*EXERCISE INSTRUCTIONS*
Omit the images and retype the records verbatim.

*RECORDS TO PROCESS*
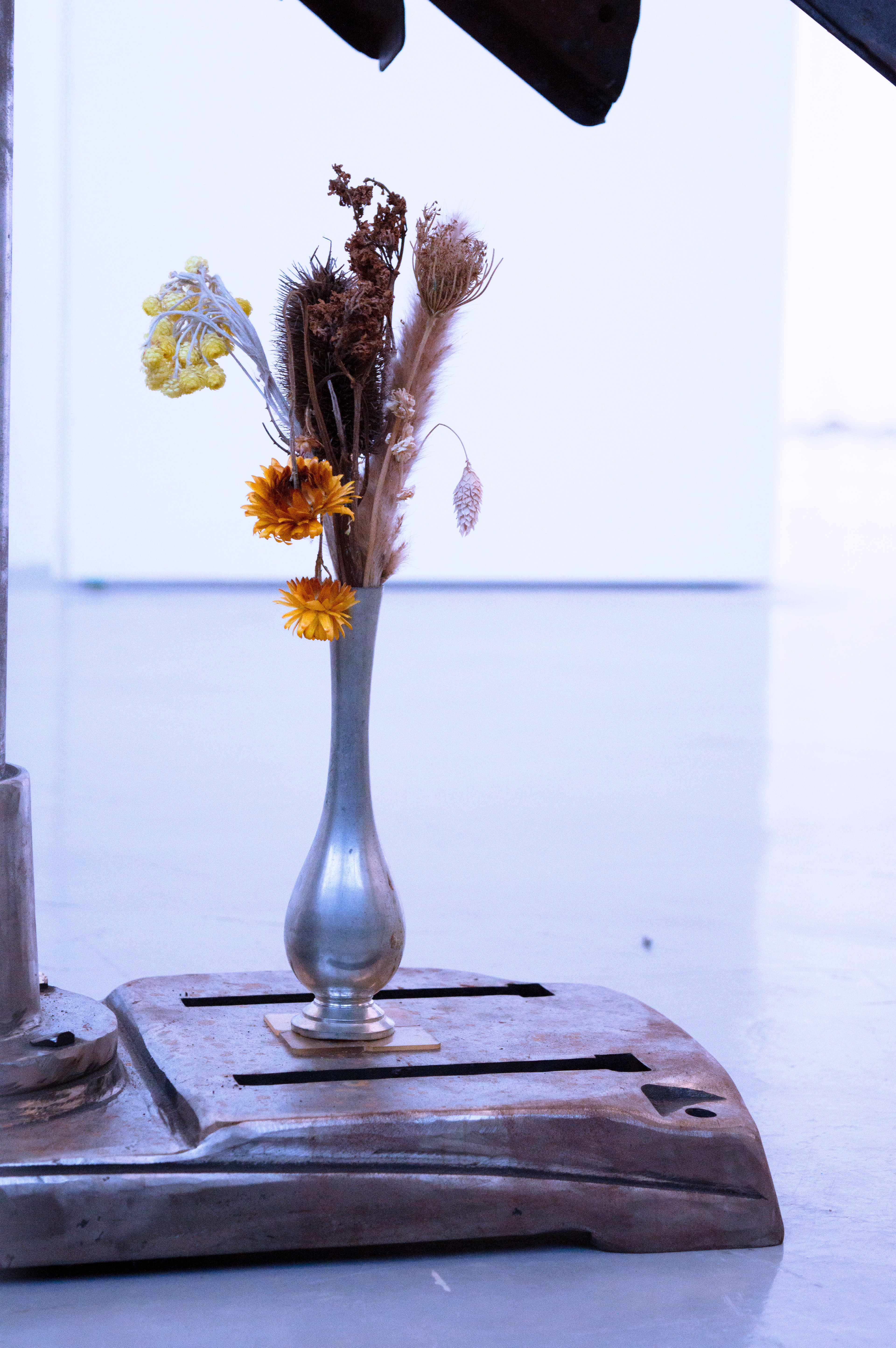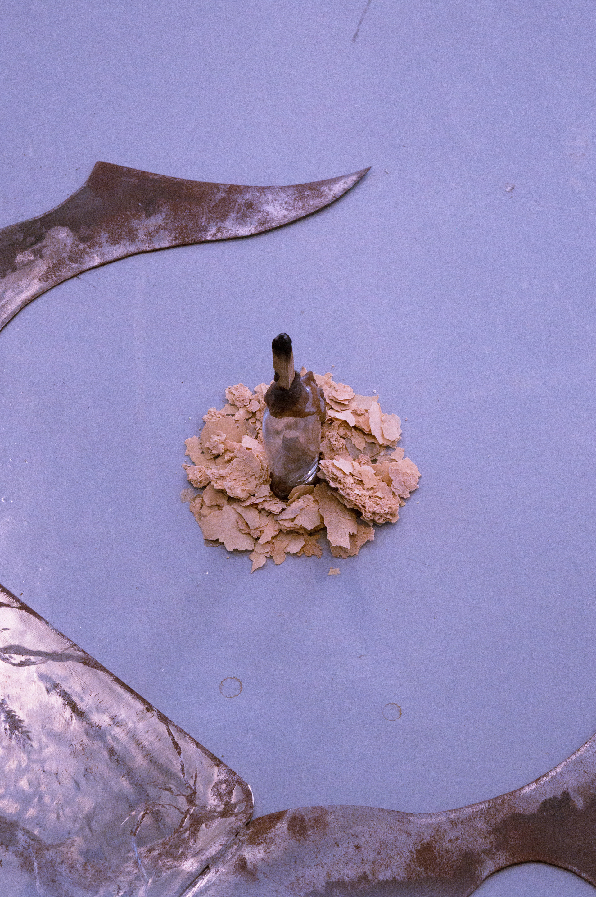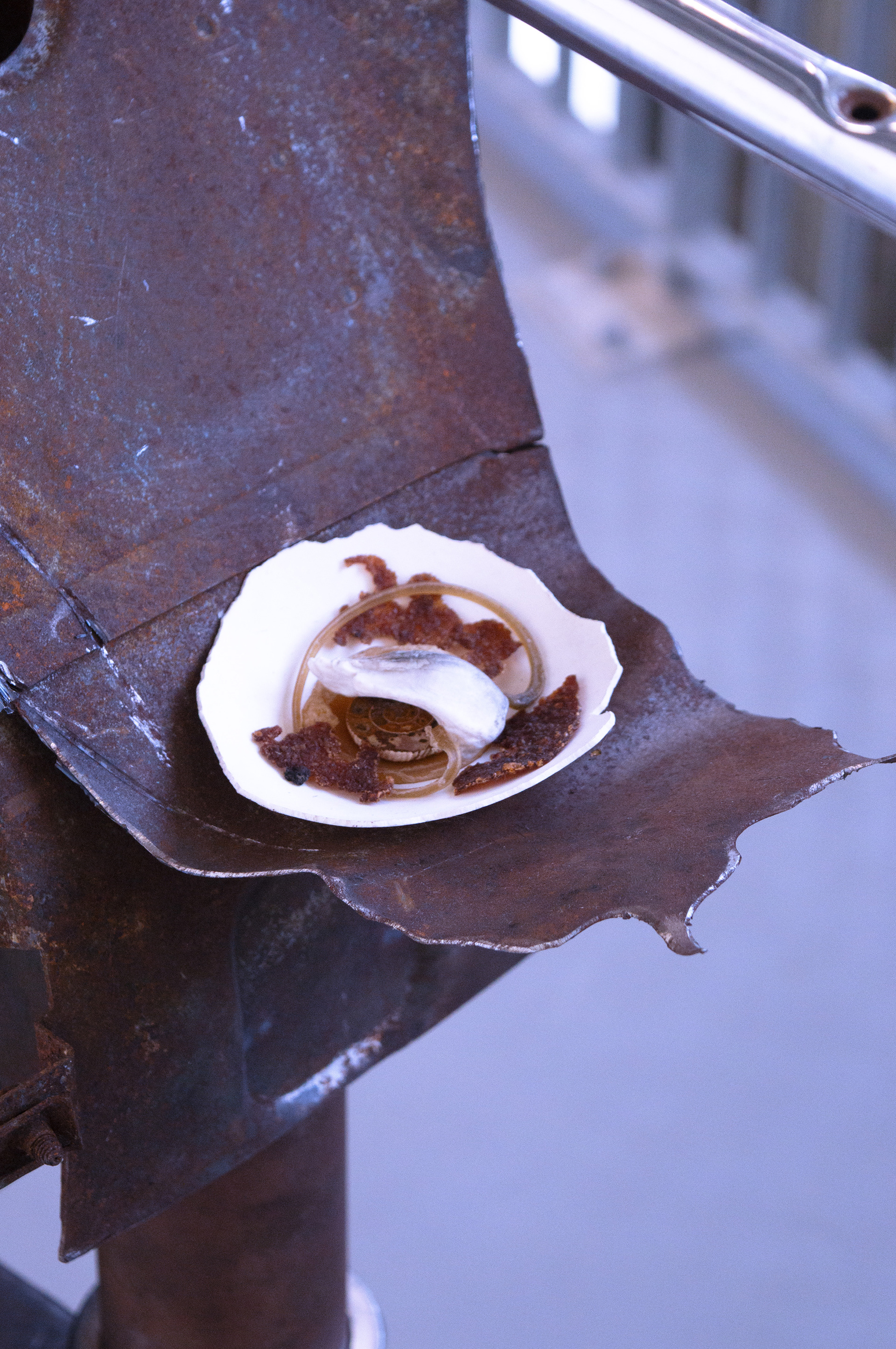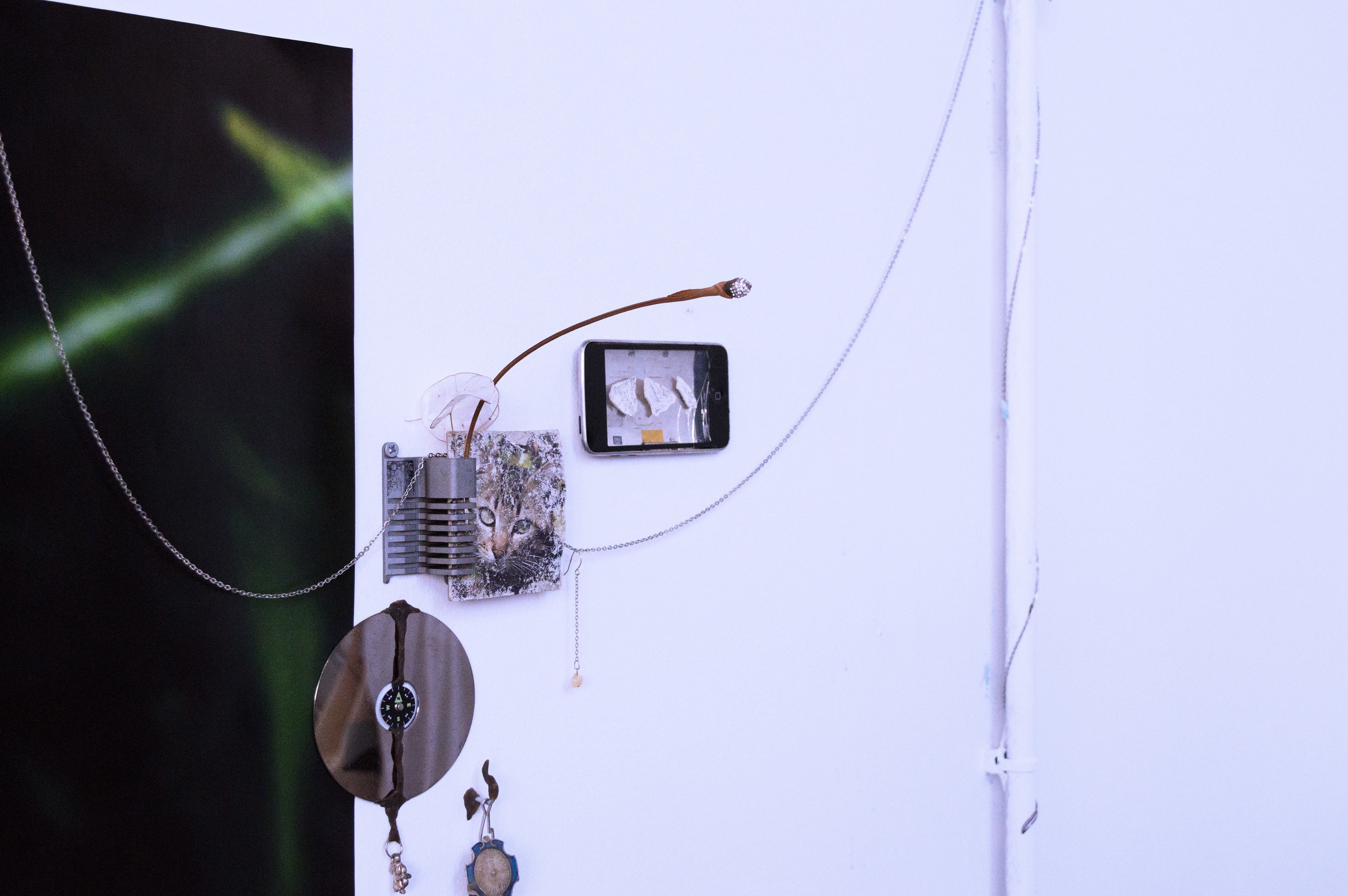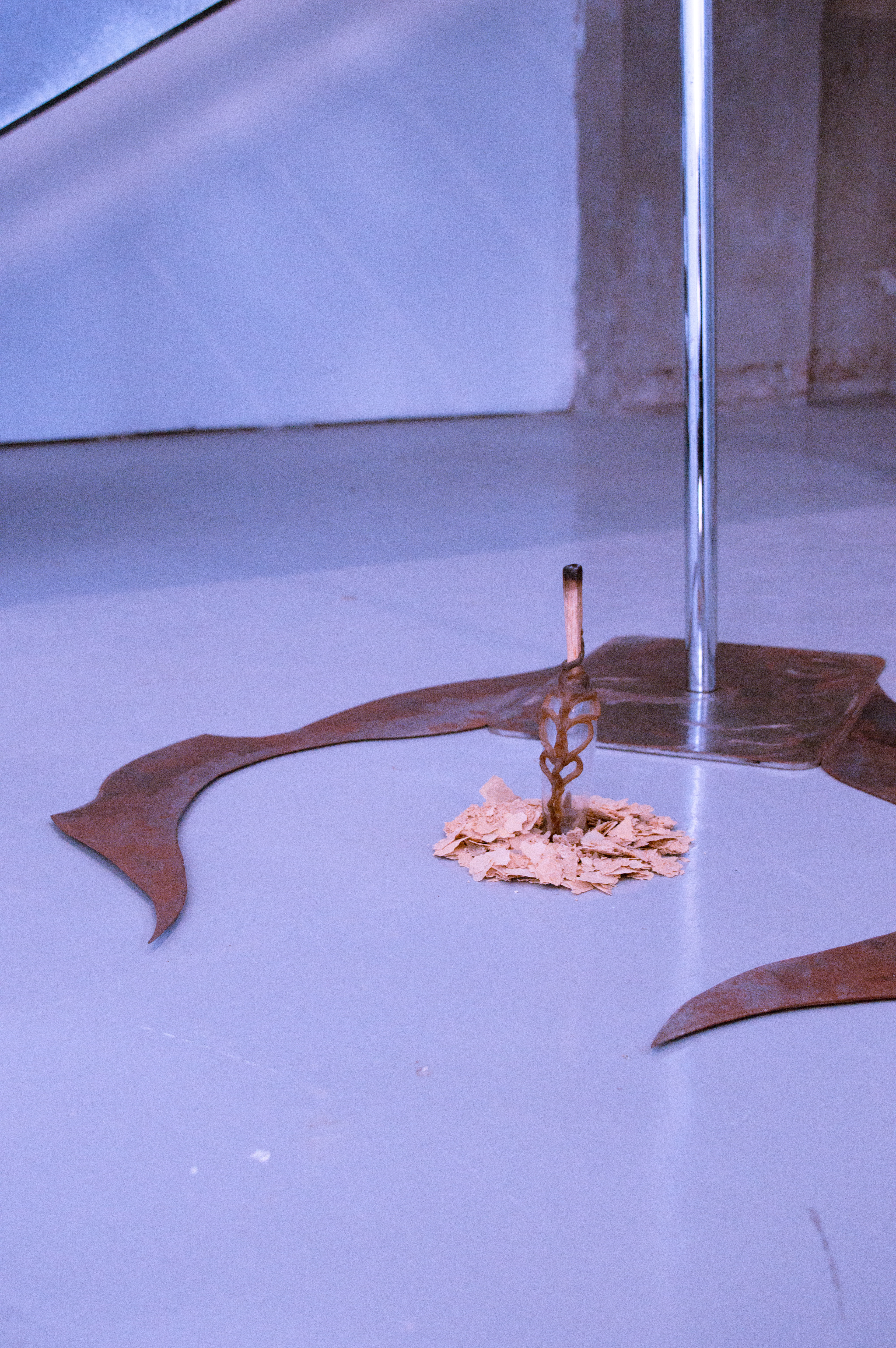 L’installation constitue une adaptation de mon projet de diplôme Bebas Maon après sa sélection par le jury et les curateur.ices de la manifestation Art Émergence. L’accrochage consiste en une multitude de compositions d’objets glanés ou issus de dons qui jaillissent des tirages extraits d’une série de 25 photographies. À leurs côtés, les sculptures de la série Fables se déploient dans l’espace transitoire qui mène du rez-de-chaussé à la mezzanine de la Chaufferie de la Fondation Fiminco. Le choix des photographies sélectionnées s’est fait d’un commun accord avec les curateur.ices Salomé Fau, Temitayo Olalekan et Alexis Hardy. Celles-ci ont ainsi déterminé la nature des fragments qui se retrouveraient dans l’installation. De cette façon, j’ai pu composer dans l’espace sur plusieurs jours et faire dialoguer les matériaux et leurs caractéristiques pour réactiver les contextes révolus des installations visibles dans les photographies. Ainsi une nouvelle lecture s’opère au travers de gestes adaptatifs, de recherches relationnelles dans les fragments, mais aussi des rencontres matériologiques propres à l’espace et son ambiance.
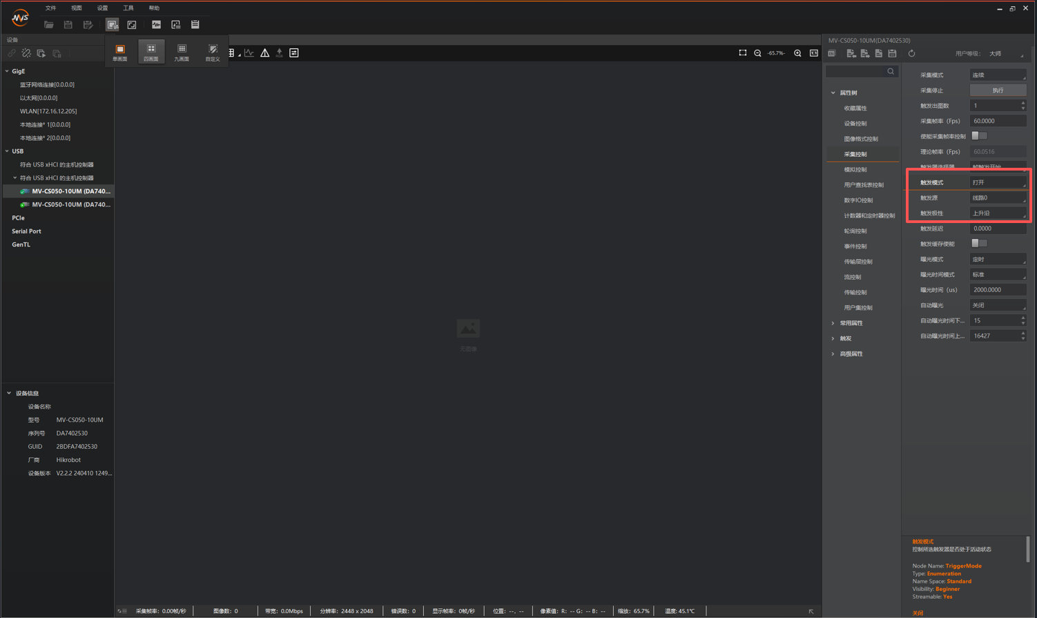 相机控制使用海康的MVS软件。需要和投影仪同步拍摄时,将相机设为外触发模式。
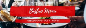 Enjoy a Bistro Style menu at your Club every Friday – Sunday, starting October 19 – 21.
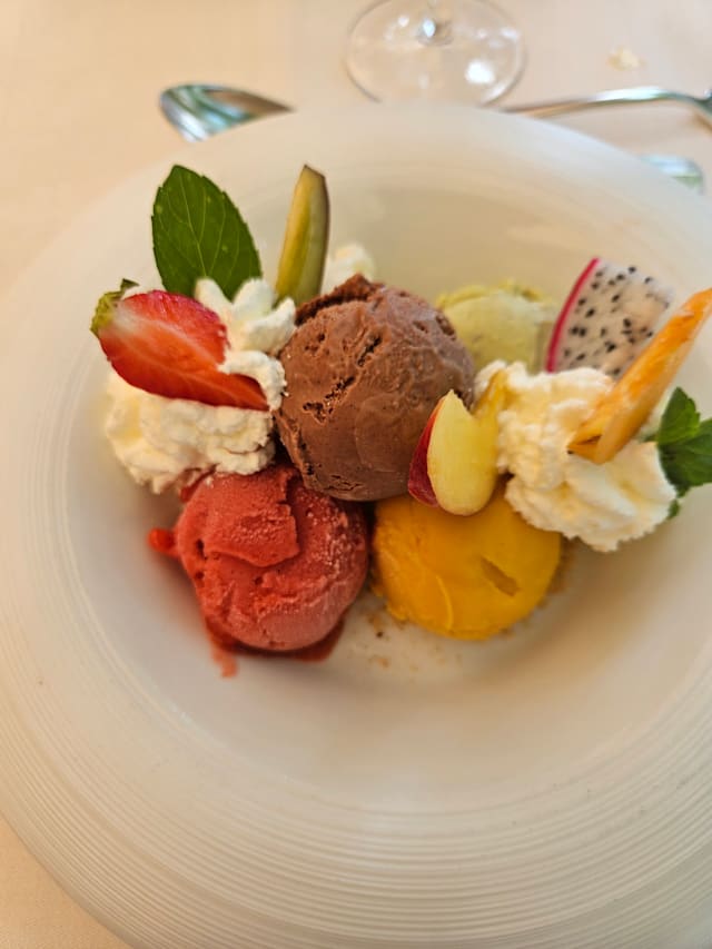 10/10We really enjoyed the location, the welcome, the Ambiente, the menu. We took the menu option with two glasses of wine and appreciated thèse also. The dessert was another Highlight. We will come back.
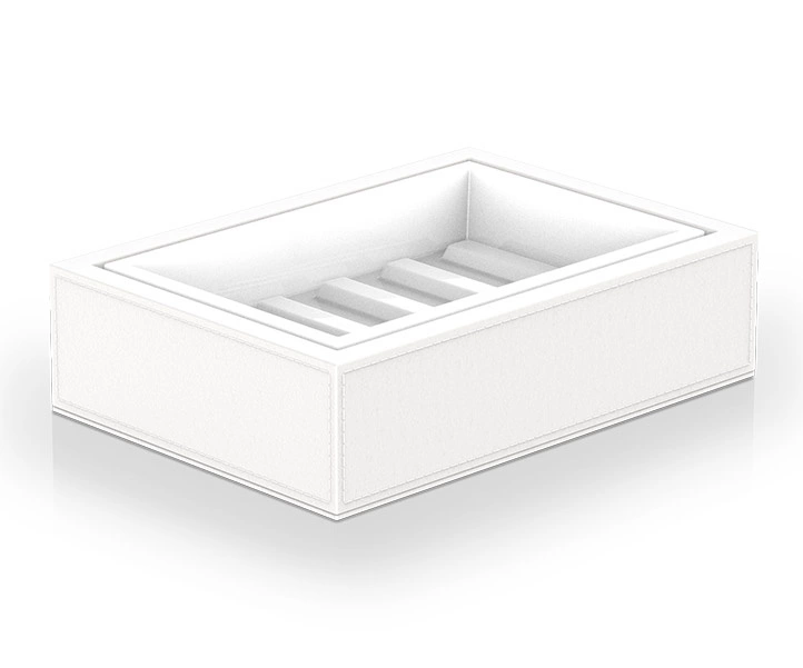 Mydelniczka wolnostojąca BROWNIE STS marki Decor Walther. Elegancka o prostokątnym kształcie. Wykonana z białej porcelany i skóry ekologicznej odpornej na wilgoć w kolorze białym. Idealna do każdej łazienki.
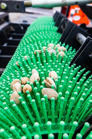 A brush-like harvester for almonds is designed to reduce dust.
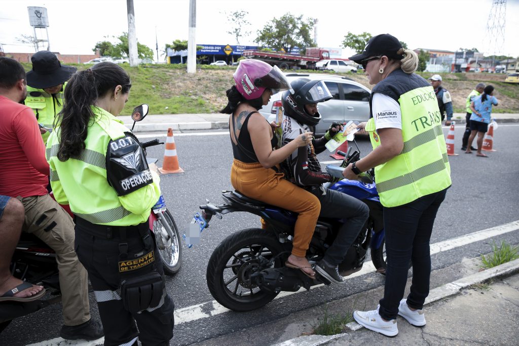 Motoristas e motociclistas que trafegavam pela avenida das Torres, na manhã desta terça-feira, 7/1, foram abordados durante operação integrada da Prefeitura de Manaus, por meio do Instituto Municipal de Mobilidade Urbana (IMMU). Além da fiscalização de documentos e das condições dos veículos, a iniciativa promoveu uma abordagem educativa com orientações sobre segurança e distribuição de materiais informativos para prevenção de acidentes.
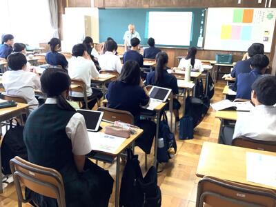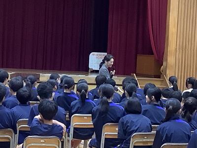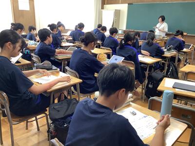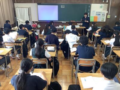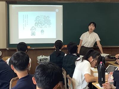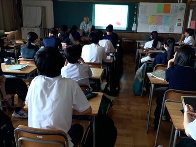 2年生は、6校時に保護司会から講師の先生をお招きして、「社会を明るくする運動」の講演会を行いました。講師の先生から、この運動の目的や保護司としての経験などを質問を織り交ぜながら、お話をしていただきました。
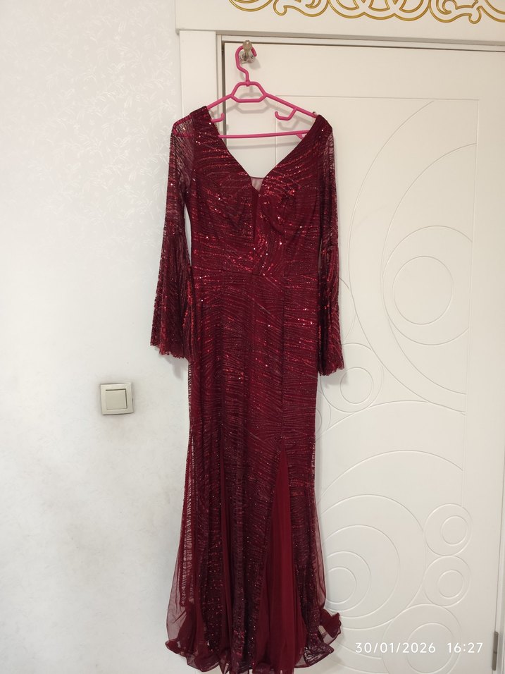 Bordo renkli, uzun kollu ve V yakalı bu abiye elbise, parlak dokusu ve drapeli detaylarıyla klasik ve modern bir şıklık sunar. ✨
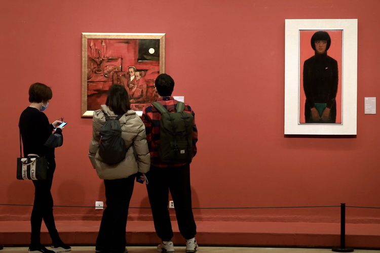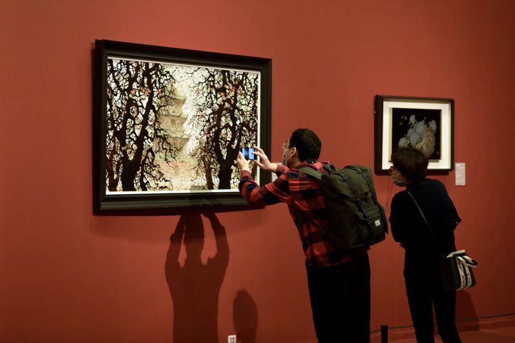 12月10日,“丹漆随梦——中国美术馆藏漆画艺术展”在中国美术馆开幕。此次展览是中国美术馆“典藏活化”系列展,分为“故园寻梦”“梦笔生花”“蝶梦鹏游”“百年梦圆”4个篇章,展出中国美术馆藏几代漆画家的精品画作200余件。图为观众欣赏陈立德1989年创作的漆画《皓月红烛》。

*WORKED SOLUTION*
 L’installation constitue une adaptation de mon projet de diplôme Bebas Maon après sa sélection par le jury et les curateur.ices de la manifestation Art Émergence. L’accrochage consiste en une multitude de compositions d’objets glanés ou issus de dons qui jaillissent des tirages extraits d’une série de 25 photographies. À leurs côtés, les sculptures de la série Fables se déploient dans l’espace transitoire qui mène du rez-de-chaussé à la mezzanine de la Chaufferie de la Fondation Fiminco. Le choix des photographies sélectionnées s’est fait d’un commun accord avec les curateur.ices Salomé Fau, Temitayo Olalekan et Alexis Hardy. Celles-ci ont ainsi déterminé la nature des fragments qui se retrouveraient dans l’installation. De cette façon, j’ai pu composer dans l’espace sur plusieurs jours et faire dialoguer les matériaux et leurs caractéristiques pour réactiver les contextes révolus des installations visibles dans les photographies. Ainsi une nouvelle lecture s’opère au travers de gestes adaptatifs, de recherches relationnelles dans les fragments, mais aussi des rencontres matériologiques propres à l’espace et son ambiance.
 相机控制使用海康的MVS软件。需要和投影仪同步拍摄时,将相机设为外触发模式。
 Enjoy a Bistro Style menu at your Club every Friday – Sunday, starting October 19 – 21.
 10/10We really enjoyed the location, the welcome, the Ambiente, the menu. We took the menu option with two glasses of wine and appreciated thèse also. The dessert was another Highlight. We will come back.
 Mydelniczka wolnostojąca BROWNIE STS marki Decor Walther. Elegancka o prostokątnym kształcie. Wykonana z białej porcelany i skóry ekologicznej odpornej na wilgoć w kolorze białym. Idealna do każdej łazienki.
 A brush-like harvester for almonds is designed to reduce dust.
 Motoristas e motociclistas que trafegavam pela avenida das Torres, na manhã desta terça-feira, 7/1, foram abordados durante operação integrada da Prefeitura de Manaus, por meio do Instituto Municipal de Mobilidade Urbana (IMMU). Além da fiscalização de documentos e das condições dos veículos, a iniciativa promoveu uma abordagem educativa com orientações sobre segurança e distribuição de materiais informativos para prevenção de acidentes.
 2年生は、6校時に保護司会から講師の先生をお招きして、「社会を明るくする運動」の講演会を行いました。講師の先生から、この運動の目的や保護司としての経験などを質問を織り交ぜながら、お話をしていただきました。
 Bordo renkli, uzun kollu ve V yakalı bu abiye elbise, parlak dokusu ve drapeli detaylarıyla klasik ve modern bir şıklık sunar. ✨
 12月10日,“丹漆随梦——中国美术馆藏漆画艺术展”在中国美术馆开幕。此次展览是中国美术馆“典藏活化”系列展,分为“故园寻梦”“梦笔生花”“蝶梦鹏游”“百年梦圆”4个篇章,展出中国美术馆藏几代漆画家的精品画作200余件。图为观众欣赏陈立德1989年创作的漆画《皓月红烛》。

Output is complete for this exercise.